The metadata of quality information for VR bitstream is represented in the form of the so-called quality information SEI (QSEI) message (given in the Annex). The key elements of this SEI message are as follows. It should be noted that the metadata presented can be provided in any other format such as XML.

• • duration_flag: If this flag is equal to 1, the information in this message will be valid for all NU's from the position of this SEI message and lasts for a time interval represented by the duration element. When this flag is equal to 0, the information is valid for all NU's from the position of this SEI message and until the appearance of the next quality information SEI message (or the end of sequence).
  • representative_information_flag: this flag indicates whether the information in this message can be used as the representative information for the bitstream in case where multiple bitstreams are considered at the same time.
  • quality_matrix_present_flag: this flag indicates whether the message includes quality information for different combinations of element_id, temporal_id, and quality_id (provided in matrix form).
  • priority_quality_mapping_flag: this flag indicates whether the message includes quality information for different priority layers.
  • quality_setting_flag: indicates whether the syntax element quality_setting_uri is present and the metric for quality value is known.
  • duration: describes the length of the current sequence.
  • num_eld_minus1: this value plus 1 specifies the number of element video substreams which will be described by this SEI message.
  • num_tId_minus1[i]: plus 1 specifies the number of temporal layers corresponding to the element video with element_id equal to i.
  • num_qId_minus1[i]: plus 1 specifies the number of quality layers corresponding to the element video with element_id equal to i.
  • quality_present_flag: this flag indicates whether the quality information exist
  • quality_value[i][j][k]: specifies the value of quality for the combination of element_id equal to i, temporal_id equal to j, and quality_id equal to k.
  • pr_num_minus1: plus 1 specifies the number of priority layers
  • pr_id[i]: specifies a priority layer
  • mapping_quality_value[i]: specifies the quality corresponding to the priority layer identified by pr_id[i].
  • quality_setting_uri[QualitySettingUriIdx] is the QualitySettingUriIdx-th byte of a null-terminated string encoded in UTF-8 characters, specifying the universal resource identifier (URI) of the description of the quality metric.
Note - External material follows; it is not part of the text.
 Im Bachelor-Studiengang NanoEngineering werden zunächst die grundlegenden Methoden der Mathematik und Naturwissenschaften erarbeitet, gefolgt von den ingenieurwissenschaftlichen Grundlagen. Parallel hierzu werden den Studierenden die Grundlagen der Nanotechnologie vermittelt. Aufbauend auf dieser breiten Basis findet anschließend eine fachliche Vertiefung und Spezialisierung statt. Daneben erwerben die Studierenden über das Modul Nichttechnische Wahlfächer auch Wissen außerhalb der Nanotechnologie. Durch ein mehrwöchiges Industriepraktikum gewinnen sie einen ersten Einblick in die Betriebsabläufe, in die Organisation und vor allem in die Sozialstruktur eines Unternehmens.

Note that, when the quality_present_flag is equal to 0, the corresponding quality value can still be obtained by interpolating the neighbor quality values. This flag would help to skip the unnecessary or unavailable quality values for certain operations, and thus reducing the complexity of the message.
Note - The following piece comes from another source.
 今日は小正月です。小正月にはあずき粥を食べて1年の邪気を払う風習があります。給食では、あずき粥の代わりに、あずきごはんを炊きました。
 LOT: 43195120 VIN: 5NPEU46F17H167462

Advantageous Effects of the Invention

The system and method provided by the present invention help to flexibly adapt the VR video bitstream in multi-dimensionality and deliver the most optimal VR video quality to users under different constraints on the user's device processing capability, the network bandwidth to the user, and the user's preferences.

In addition, in the case of multiple bitstreams adaptation, or access control for large-scale systems, the quality information proposed in the present invention allows the construction of utility functions for optimal problems that fully reflect the quality aspects and user preferences thereby allowing for more optimal use of system resources.